Primary ion beam energy effects on secondary ion emission from Ni(001)c(2 × 2)-CO: Classical dynamics calculations and sims

The variation of the SIMS spectra of Ni(001)c(2 × 2)-CO induced by bombardment of Ar⁺ primary ions with kinetic energy between 300 and 1200 eV has been examined in detail. The purpose of the study is to examine the influence of primary ion energy on a number of experimental observables and to test the accuracy of classical dynamics calculations for neutral particles in predicting the experimental results for ejected ions. The calculations were performed using two extreme forms of the Ar⁺ -substrate interaction potential to examine the sensitivity of the results to the parameters that need to be included in the model. We find excellent agreement between the NiCO⁺/Ni⁺ ion yield ratio measured between 300–1200 eV Ar⁺ ion energy and the computational results if the Molière form of the ion-substrate potential is used and if the calculated results are corrected by including an image force.
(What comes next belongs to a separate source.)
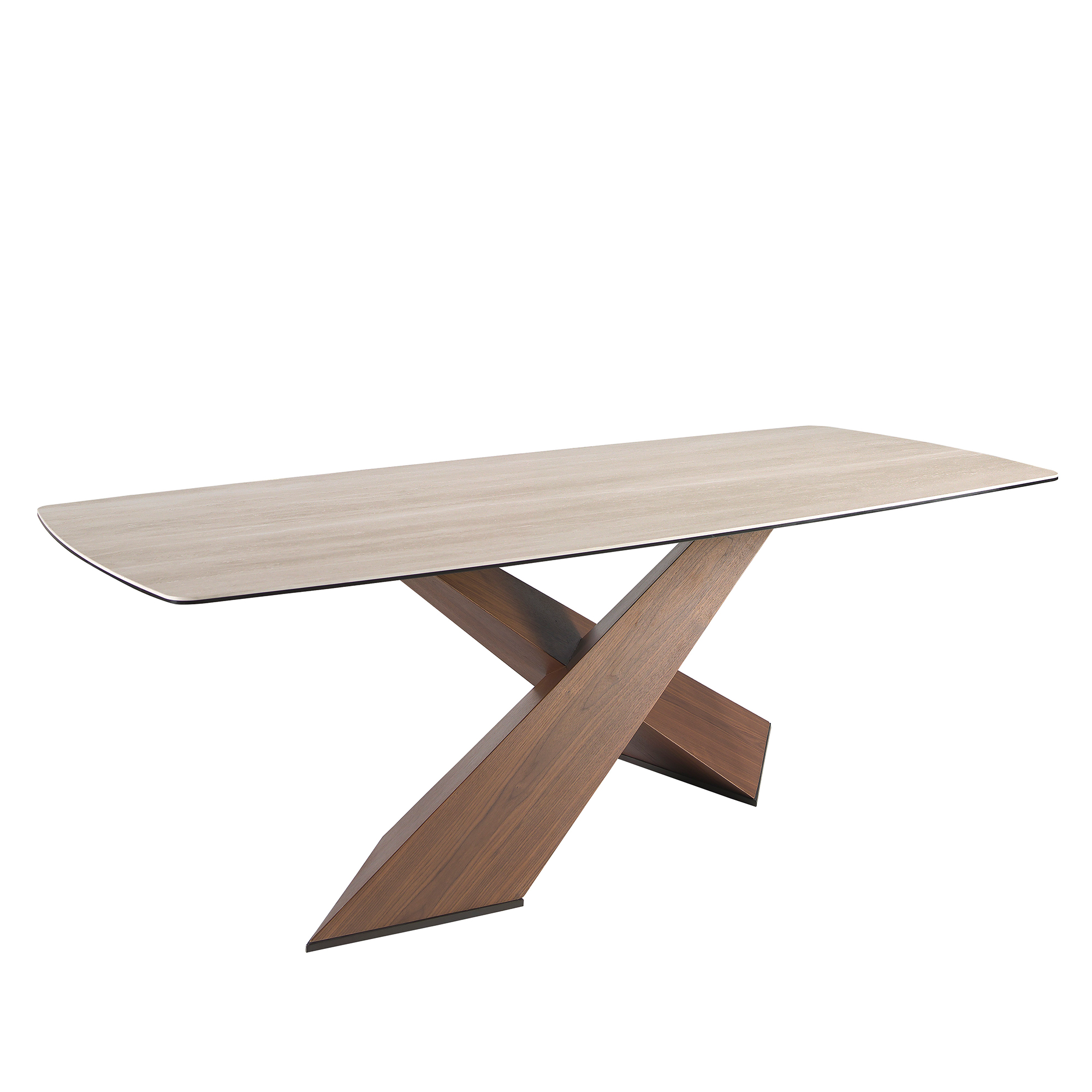 Estilo:  Mesa comedor de diseño Italiano. Mesa comedor ovalada barril de diseño moderno con tapa fija de mármol porcelánico color arena en acabado mate. Sus originales patas de madera chapada en nogal natural son elementos claves a destacar de su diseño.

The calculated angular distributions of the ejected particles also agree well with those observed experimentally. From the calculations we see that the extent of CO fragmentation relative to the amount of molecular CO ejection is roughly constant in the 300–1200 eV beam energy range with a slight increase seen at lower (~ 300 eV) energies. The implications of these results are discussed in terms of our ability to study the chemistry and structure of surfaces with SIMS.